The authors evaluate HY-Embodied-0.5 MoT-2B on a suite of benchmarks covering embodied and spatial understanding. Results show the model achieves strong performance across most tasks, particularly in spatial reasoning, and remains competitive against larger models despite its compact size. HY-Embodied-0.5 MoT-2B achieves top performance on most embodied and spatial benchmarks, demonstrating strong spatial reasoning capabilities. The model outperforms larger baselines on several tasks, indicating its effectiveness is not solely due to scale. Results on real-robot tasks show high success rates, with significant improvements over baseline models in complex manipulation scenarios.

The authors evaluate HY-Embodied-0.5 MoT-2B on a suite of 22 benchmarks covering visual perception, embodied understanding, and spatial understanding. Results show that the model achieves the best performance on most tasks, particularly excelling in spatial understanding and demonstrating strong capabilities in embodied reasoning despite its compact size. HY-Embodied-0.5 MoT-2B achieves the best performance on most benchmarks, especially in spatial understanding tasks. The model demonstrates strong and consistent performance across visual perception, embodied understanding, and spatial reasoning. HY-Embodied-0.5 MoT-2B outperforms larger baseline models, indicating that its gains come from design choices rather than scale alone.

The authors compare HY-Embodied-0.5 MoT-2B with size-matched general VLMs on a set of general visual understanding benchmarks. Results show that the model maintains competitive performance across diverse tasks, demonstrating that its specialized design for embodied reasoning does not compromise its general visual capabilities. HY-Embodied-0.5 MoT-2B achieves competitive performance on general visual understanding benchmarks compared to size-matched general VLMs. The model performs well on tasks requiring visual knowledge, hallucination mitigation, and text-centric reasoning. Despite being optimized for embodied and spatial reasoning, the model maintains strong performance on general visual tasks.
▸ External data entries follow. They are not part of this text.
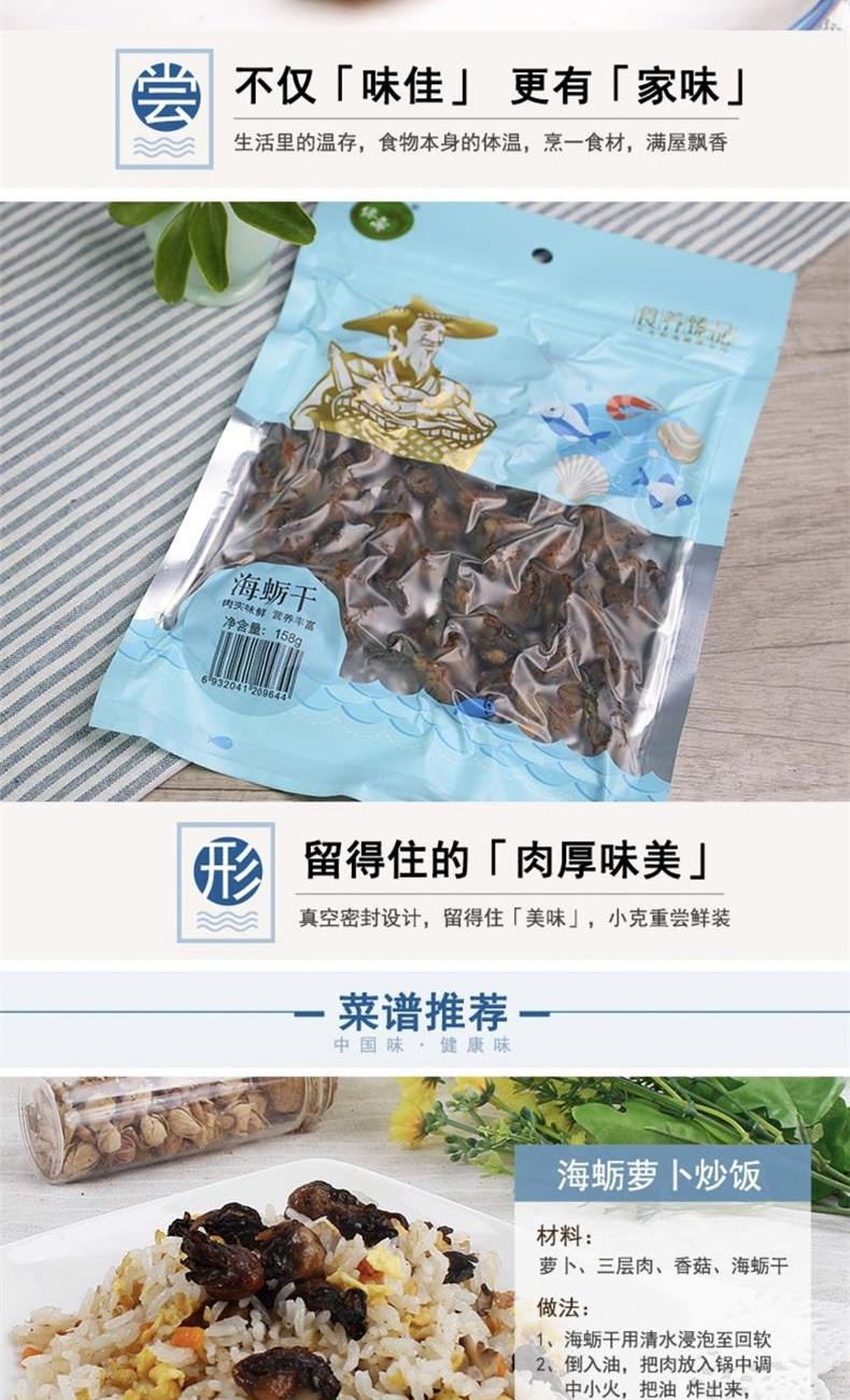 配料:蚝干(海蛎干) 原料产地:福建省漳州市 净含量:200克 保质期:10个月 生产日期:见包装物打印处 食用方法:浸泡回软洗净后,根煮菜、炒菜、煲汤等。 海蛎,学名牡蛎,又称海蛎子。海蛎干品味道鲜美,可烹饪出多种美食。
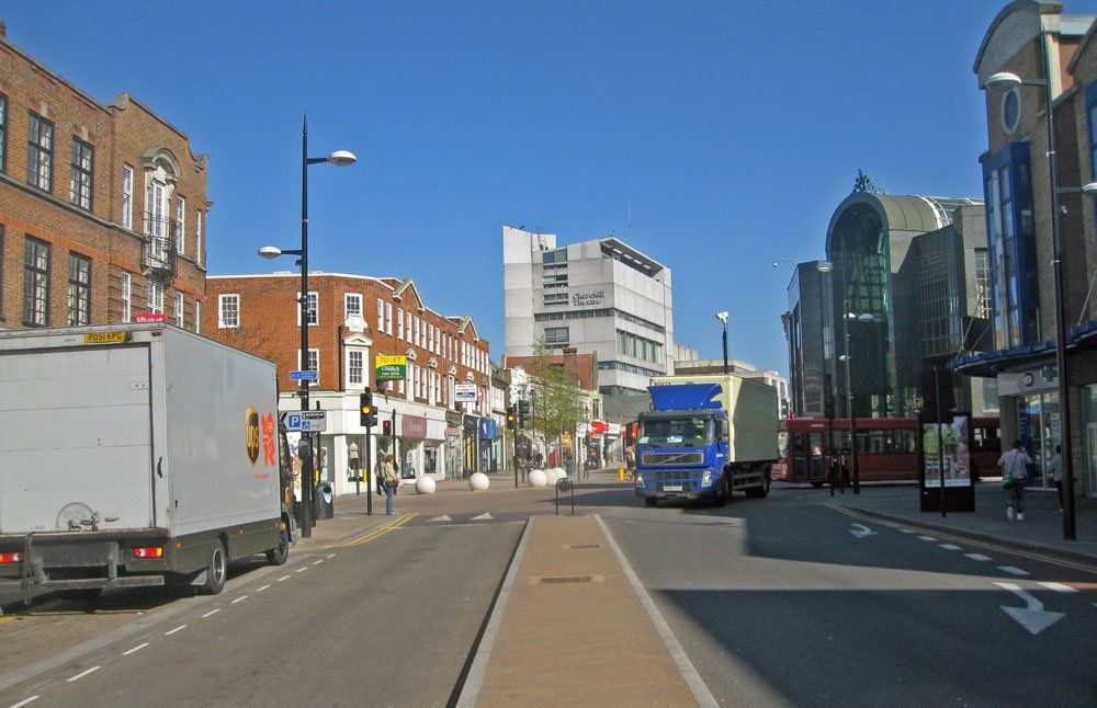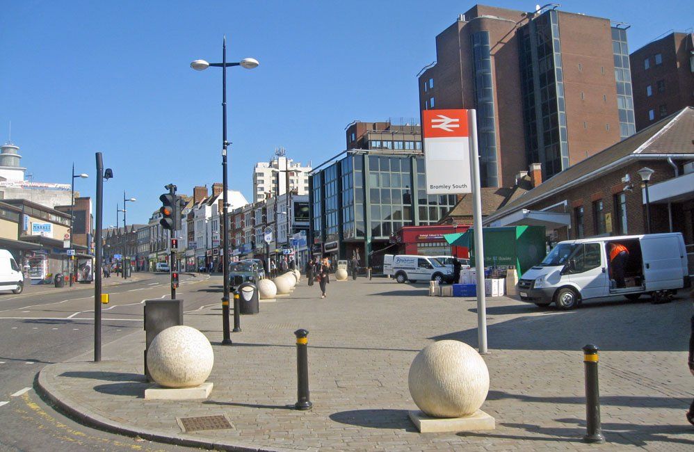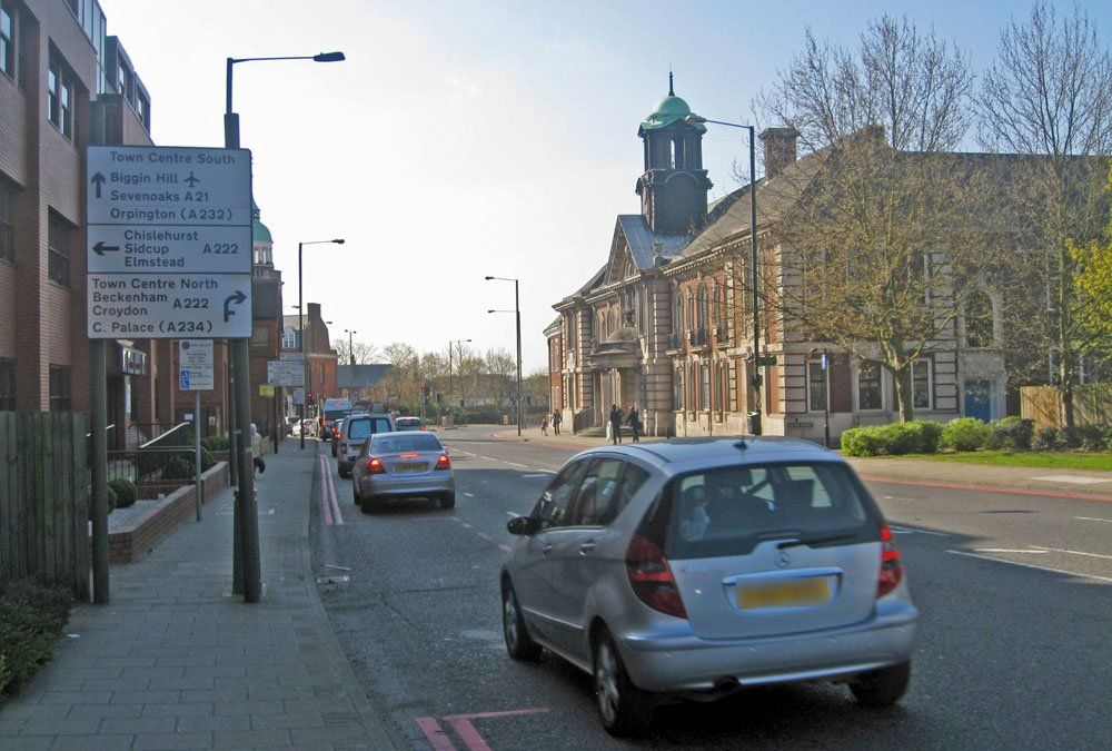 Considerable change has occurred here with the replacement Central Library in the middle and the entrance to the Glades replacing Dolcis. Despite the route display, the 227 is heading away from Bromley Garage towards its normal route from Chislehurst to Penge. No longer able to proceed straight up the High Street in 2010, Elmfield Road is the only route through the town and restricted to buses and taxis. The change to the central reservation is all too obvious.
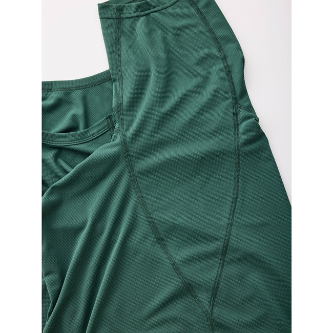 山を走るための最適なシルエットを追求したTシャツです。肩の可動域を妨げないラグランスリーブで、ストレスなく腕が振れます。 素材にはストレッチ性と通気性に優れたポリエステルを採用。グリッド構造の生地が肌離れを良くします。さらに、超撥水加工「Dry Action」を施し、積極的に汗を逃がしてドライな着心地をキープします。 肌当たりの良いフラットシーミングで、長時間の着用も気になりません。
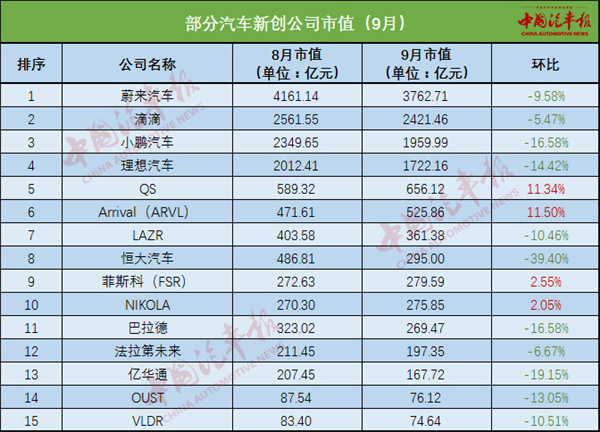 在造車新勢力陣營,除了特斯拉市值依舊“獨領風騷”之外,中國的造車新勢力頭部陣營的“蔚小理”在9月出現了市值集體下跌的情況。其中,蔚來汽車9月市值環比下跌9.58%,小鵬汽車下跌16.58%,理想汽車下跌14.42%。

The the the table compares the performance of HY-Embodied-0.5 MoE A32B against several state-of-the-art models across a range of benchmarks categorized into visual perception, embodied understanding, and spatial understanding. The results show that HY-Embodied-0.5 MoE A32B achieves top scores on multiple tasks, particularly excelling in spatial understanding benchmarks. The model demonstrates strong performance across all categories, often outperforming larger models, which suggests that its advantages stem from architectural and training design rather than scale alone. HY-Embodied-0.5 MoE A32B achieves the highest scores on several benchmarks, particularly in spatial understanding, indicating strong spatial reasoning capabilities. The model outperforms larger models like Gemini 3.0 Pro and Kimi K2.5 on most tasks, suggesting that its performance is not solely due to model size. HY-Embodied-0.5 MoE A32B shows competitive results across visual perception and embodied understanding tasks, demonstrating a balanced and robust capability profile.

The authors evaluate the Mixture-of-Tokens (MoT) architecture through efficiency comparisons and extensive benchmarking across embodied, spatial, and general visual understanding tasks. The results demonstrate that the MoT architecture enables faster training convergence with minimal inference overhead while providing superior spatial reasoning and embodied capabilities compared to larger models. Furthermore, the specialized design maintains strong general visual performance, proving that the model's effectiveness stems from architectural innovations rather than scale alone.